Oleh : Abdurrahman Sayuti, S.H
(Advokat Muda Jambi)
Hingga hari ini masih bergulirnya proses pemeriksaan permohonan perkara di Mahkamah Konstitusi, walaupun belum ada nomor registrasi perkara. Timses, pendukung dan simpatisan masih menyimpan harapan bagi Pasangan Calon (Paslon) Kepala Daerah dari Jambi yang mengajukan gugatan. Setidaknya, ada dua Paslon yakni CE-RATU dan FIKAR-YOS yang mengajukan gugatan di Mahkamah Konstitusi. Bagaimana tidak, selisih suara yang sangat tipis antara Kandidat CE-RATU (Pemohon) dan HARIS-SANI (Pihak Terkait) pada Pilgub Jambi dan FIKAR-YOS (Pemohon) dan AHMADI ZUBIR- ALVIA (Pihak Terkait). Selisih suara CE-RATU dan HARIS SANI hanya selisih sebanyak 11.418 suara sedangkan FIKAR-YOS dan AHMADI-ALVIA hanya selisih sebanyak 1.613 suara.

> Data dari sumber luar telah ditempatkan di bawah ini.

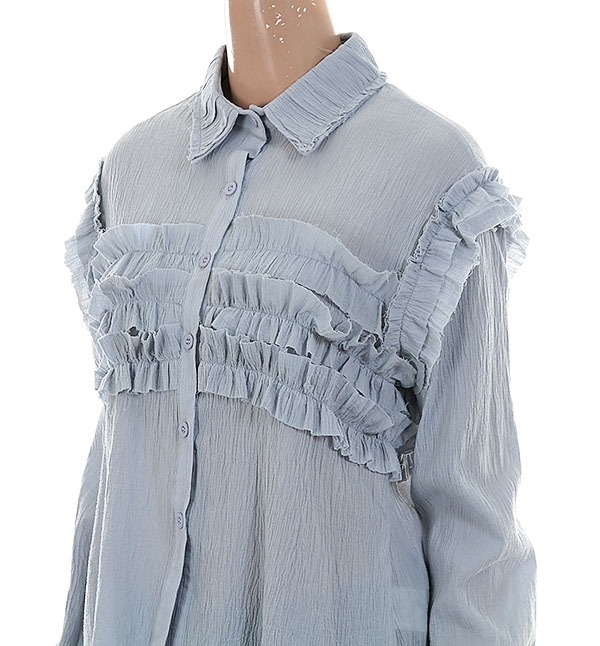 기본 블라우스에 프릴이있어 귀엽고 깝찍한 스타일의 블라우스입니다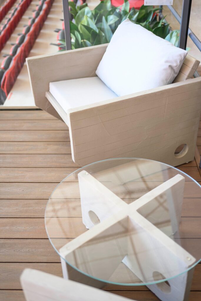 Uma marca que traz no seu DNA inovação, tecnologia e sustentabilidade. Essas são algumas das características da Conviê Design, uma empresa que atua na criação e desenvolvimento de produtos mobiliários para áreas externas. O principal diferencial da marca é a inovação e o uso de um material próprio criado por ela, a partir da reutilização de pneus usados juntamente com outros materiais minerais, que são transformados em uma fibrocerâmica altamente resistente e que contribui com a sustentabilidade, a partir do encapsulamento de CO2 que seria produzido pela queima do pneu descartado no ambiente.

Jika melihat dari selisih suara Paslon tersebut di atas, untuk selisih penghitungan suara, rasanya sangat sulit untuk diperdebatkan, mengingat masing-masing pihak sudah memegang hasil penghitungan dan dipastikan hasil hitungan masing-masing tidak berbeda. Walaupun objek dalam permohonan di Mahkamah Konstitusi adalah selisih hasil rekapitulasi penghitungan suara tetapi penulis menilai bukan itu yang menjadi target dari gugatan Pemohon. Jika dicermati petitum (tuntutan) Pemohon pada gugatan yang diajukan ke Mahkamah Konstitusi akan diperoleh dalam petitum tersebut Pemohon memuat petitum untuk dilakukan Pemungutan Suara Ulang (PSU).

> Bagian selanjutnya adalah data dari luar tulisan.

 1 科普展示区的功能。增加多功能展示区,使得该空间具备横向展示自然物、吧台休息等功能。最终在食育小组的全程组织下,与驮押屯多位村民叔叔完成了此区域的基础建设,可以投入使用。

Bicara PSU sendiri, beberapa waktu yang lalu, di Propinsi Jambi telah dilakukan PSU pasca Pilkada serentak Tanggal 9 Desember 2020, di antaranya PSU dilakukan di beberapa TPS di Kabupaten Batang Hari, Bungo, Merangin dan Sungai Penuh. Harapan PSU dari CE-RATU (Pemohon) tersebut, menurut penulis karena menganggap selisih 11. 418 suara untuk Pilgub Jambi bukanlah jumlah yang sulit untuk dikejar jika beberapa Kabupaten atau beberapa Kecamatan dikabulkan Mahkamah Konstitusi untuk PSU. Begitu juga bagi FIKAR-YOS (Pemohon) selisih 1. 613 suara untuk Pilwako Sungai Penuh bukanlah jumlah yang sulit untuk dikejar jika beberapa Kecamatan atau Desa dikabulkan Mahkamah Konstitusi untuk PSU.
Jika merujuk pada aturan PSU dalam Undang-Undang Pilkada, PSU hanya dapat dilakukan jika terjadi gangguan keamanan atau bencana alam, kesalahan prosedur pencoblosan, pencoblosan lebih dari satu kali oleh pemilih atau mencoblos tanpa hak, kekurangan surat suara.
Dalil-dalil tersebut di atas, sebagian menjadi dalil Pemohon dalam gugatannya di Mahkamah Konstitusi. Apakah akan dilakukan PSU terhadap daerah-daerah lain? Mengingat secara prosedur penyelenggara telah melakukan PSU di Jambi beberapa waktu yang lalu sebelum ada petitum Pemohon atau perintah Mahkamah Konstitusi.
Menurut penulis, KPUD (Termohon) akan menjadikan PSU yang telah dilakukan beberapa waktu lalu, sebagai dalil bantahan atas dalil-dalil Pemohon untuk melakukan PSU. Termohon akan menjelaskan bahwa mereka telah lebih dahulu melakukan PSU sesuai dengan mekanisme dan prosedur, Termohon telah mengakomodir hak dari pemilih dan tidak akan melakukan PSU lanjutan.
Meskipun demikian, Mahkamah Konstitusi berdasarkan kewenangannya dapat memerintahkan Termohon untuk melakukan PSU. Inilah yang dianggap menjadi celah bagi Pemohon sehingga dalil-dalil dalam gugatan dan petitum dimasukkan untuk dilakukan PSU. Segala kemungkinan bisa saja terjadi sebelum keluarnya putusan Mahkamah Konstitusi, baik Pemohon, Termohon dan Pihak Terkait harus mengantisipasi itu semua.